Webmasters Note: Jeremy Harte,
Bourne Hall Museum Curator, has written an article on George Gissing's stay in Epsom, without being aware of Brian Bouchard's interest in the subject. I feel that these accounts complement each other so I am very happy to include both on this page.
George Gissing in Epsom
George Gissing
Date and source unknown
When George Gissing arrived in Epsom in 1894, his domestic life was in tatters. Many people knew the young novelist through his books, which recount the personal and commercial struggles of the lower middle classes, as well as the proletarians on whom they depended. Few were acquainted with him personally, since George had cut off contact with the literary world after his disastrous second marriage. Reading his diaries, you wonder - as so often in the biographies of great writers - how someone with such a profound insight into other people's lives could make such a hash of his own.

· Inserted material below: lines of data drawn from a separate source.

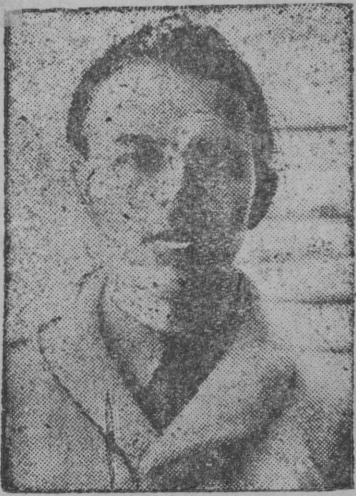
Lestexnikumbs G. K. Vasiljevskij—voštis 400 sajtə premija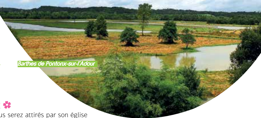
Barthes de Pontonx-sur-l'Adour

Observatoire ouvert en permanence. Visites guidées sur rendez-vous en compagnie de l'animateur nature du site. Tél. 06 07 98 66 01 www.pontonx.fr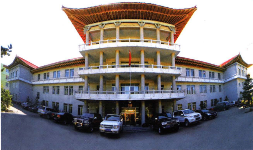
中共长白朝鲜族自治县委员会办公大楼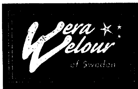
Det sökta märket.

Ärendet avser ansökan om varumärkesregistrering av märket VERA VELOUR OF SWEDEN, i figur återgivet nedan, för kläder, fotbeklädnader och huvudbonader i klass 25.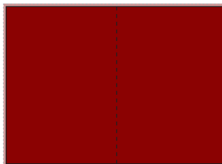
2/1 mit Anschnitt – über Bund laufend 420 mm breit x 297 mm hoch plus 3 mm Beschnitt

The son of a Wakefield family, George went to university at Manchester, where he took with Nell Harrison, a young prostitute, and in a gallant attempt to keep her off the streets he began to give her money - first his own, and then other people's. This was soon found out, and after a month in prison George was shipped to America where he began a new life as a journalist. Returning to England in 1877, he married Nell, who gave up prostitution and became an alcoholic instead. They separated in 1883 and she died five years later.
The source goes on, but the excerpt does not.